In the metabolism study of nanomicelles and monomers, the metabolites of nanomicelles were significantly less than those of monomers, which was due to the stable structure of micelles. When the drugs were encapsulated, it was not easily degraded by proteases and other biochemical substances in the gastrointestinal tract. Thereby, the metabolites in feces were reduced. In addition, from the distribution of metabolites, we can detect the metabolites of IGG-loaded mixed nanomicelles in feces, urine, bile and plasma, but for monomers, we can only detect metabolites in feces, which meant that IGG was hardly dissolved in water and could not be effectively absorbed and utilized in the gastrointestinal tract, and its bioavailability was very low.

But, when it was prepared into micelles, IGG could be absorbed into blood, bile and urine, and the metabolites were enough to be detected. By comparing the metabolites of IGG monomers and mixed nanomicelles, it was found that among the metabolites of micelles, there were 3 metabolites in plasma bile and urine different from that of the monomers, which was due to the difference in the matrix. And five kinds of metabolites in feces were different from that of monomers. It indicated that the metabolic pathway of monomers in feces had also changed after being prepared into micelles, resulting in the difference of metabolites.

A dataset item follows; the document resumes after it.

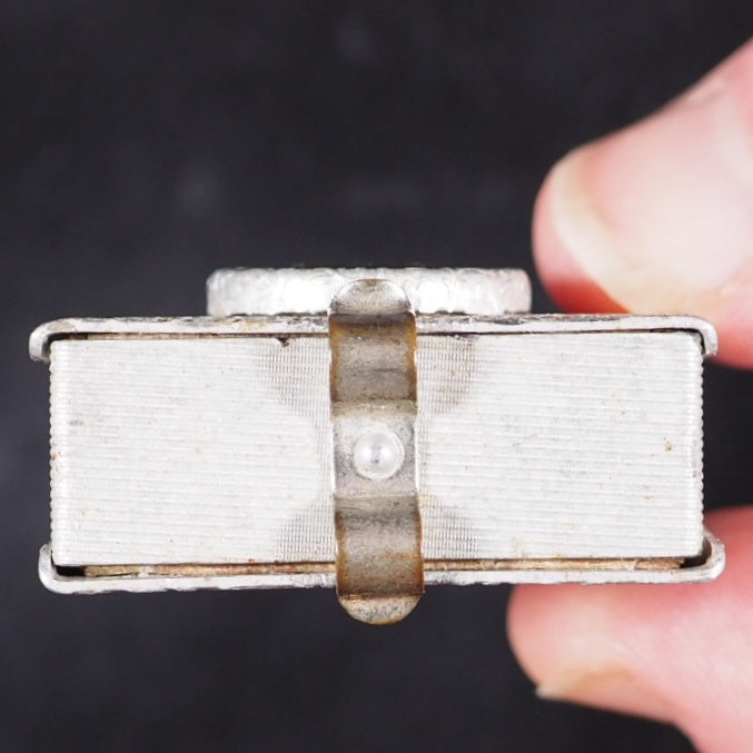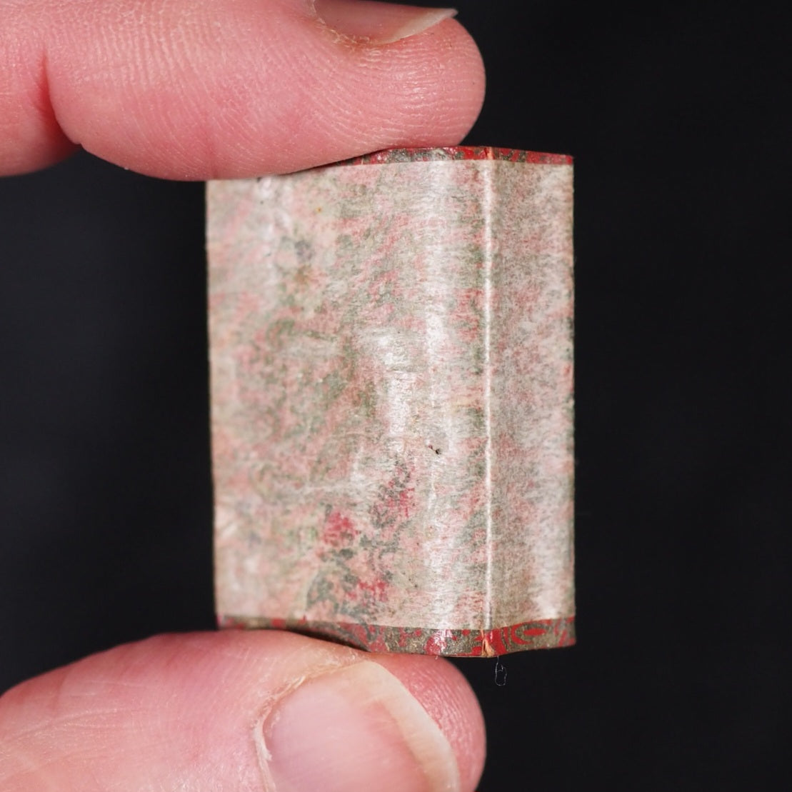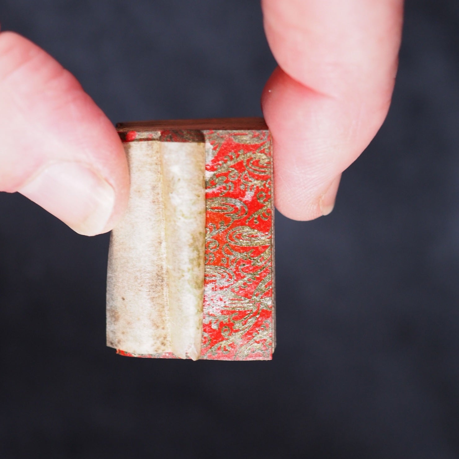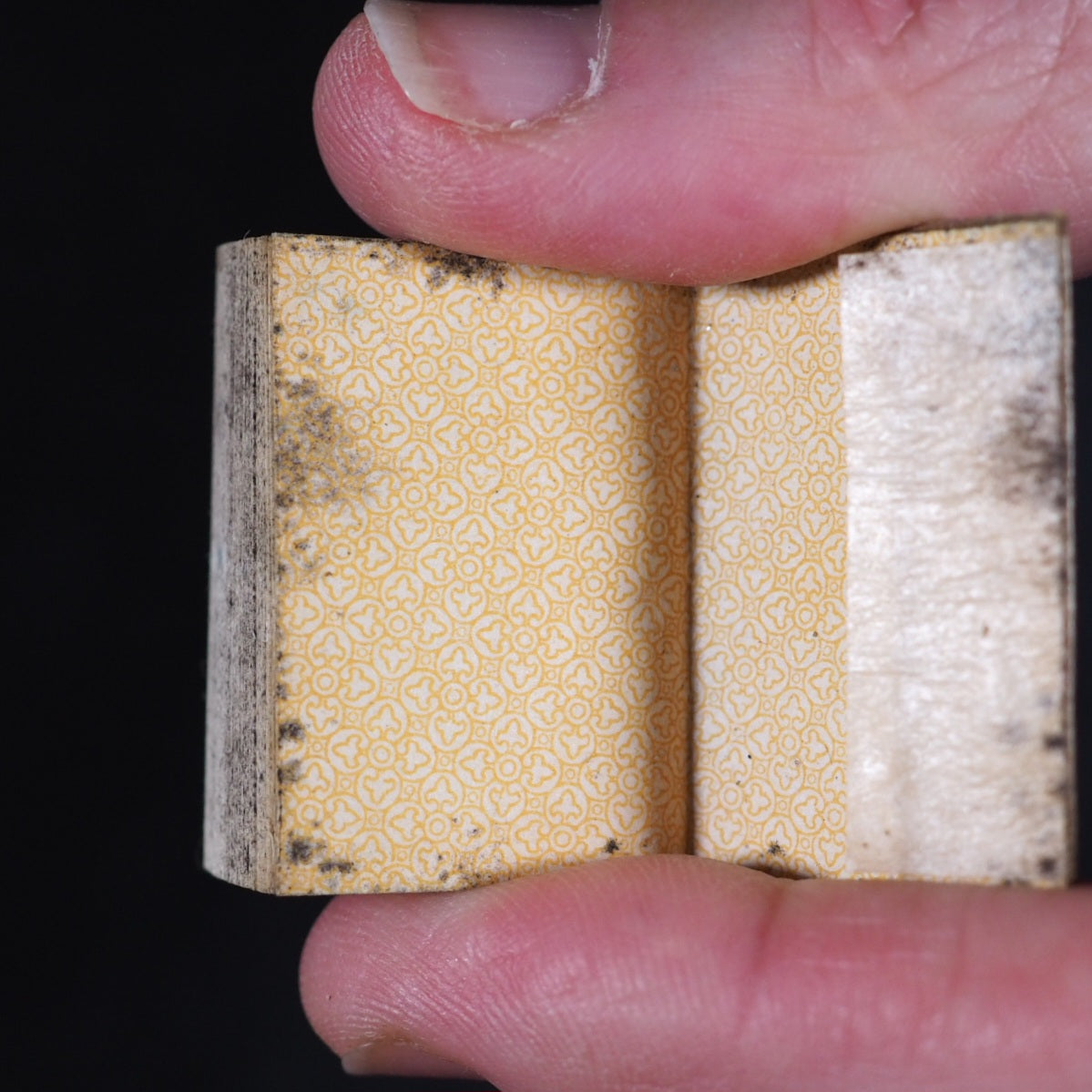Koran, Qur'an. Steinbrener, Hans. Vimperk, or Winterberg, Czech Republic. Circa 1930. About 800 printed pages in Arabic. Fine India paper. Lithographed text and marginal decoration, printed in Arabic within ruled borders. Original patterned endpapers; white flower pattern on a yellow ground (slightly damp marked). Text block has some dark mould spotting. An early twentieth century Steinbrener edition, following on from the success of Bryce's 1896 edition that was reprinted in 1899 and 1907. Hans Steinbrener was established in 1855, and held a Royal warrant to publish almanacs and religious texts in different European languages. Taking advantage of the new technique of photo-reduction Steinbrenner printed these qu'rans from the late 1890s-1960s in Vimperk, or Winterberg, Czech Republic. The text, endpapers and bindings differ from the equivalent Bryce Koran. They became widely distributed across America and Europe but the earlier examples are less common. 24 x 34 mm. Original red leatherette decorated with gilt curlicue design. Complete with original protective transparent paper covering. Historic damp has rendered large parts of the semi-transparent paper covering attached to the binding underneath. It is quite unusual to see a copy in such original and unread state, but there are a few condition considerations. Original book-shaped, embossed aluminium metal locket incorporating magnifying glass at the front, circular 'window' at the back and loop (unusually) on the side. With removable locking piece that is manufactured to resemble the edges of a book - this is not of a type typically found. 80 firsts2024

In this experiment, we prepared an IGG mixed nanomicelle with good solubility and stability, high encapsulation efficiency, and a particle size of less than 100 nm, which was highly toxic to cancer cells and released slowly in the body. It can provide a good choice for the development of anticancer drugs.

5. Conclusion

In this experiment, IGG-loaded TPGS/soluplus mixed micelles with small particle size, uniform distribution and high encapsulation efficiency were successfully prepared. The physicochemical properties could be relatively stable within 60 d, and the toxicity to A549 cells was significantly higher than that of IGG monomer. However, the cellular uptake was lower than that of IGG monomers due to the negative electricity on the surface of micelles and cell membranes. In the metabolism, a total of 32 metabolites of IGG monomer and 21 metabolites of IGG-loaded mixed micelles were detected. The metabolites of IGG can only be detected in feces while the metabolites of IGG-loaded mixed micelles can also be detected in feces, urine, bile and plasma, which indicated that he bioavailability of IGG was improved after being prepared into mixed nanomicelles and the metabolite pathway was changed. The results were shown in Table 3. In conclusion, after the preparation of nano-micelles, the solubility and stability were enhanced, cytotoxicity was increased and the bioavailability was improved, which provided a new choice for the development of new drugs.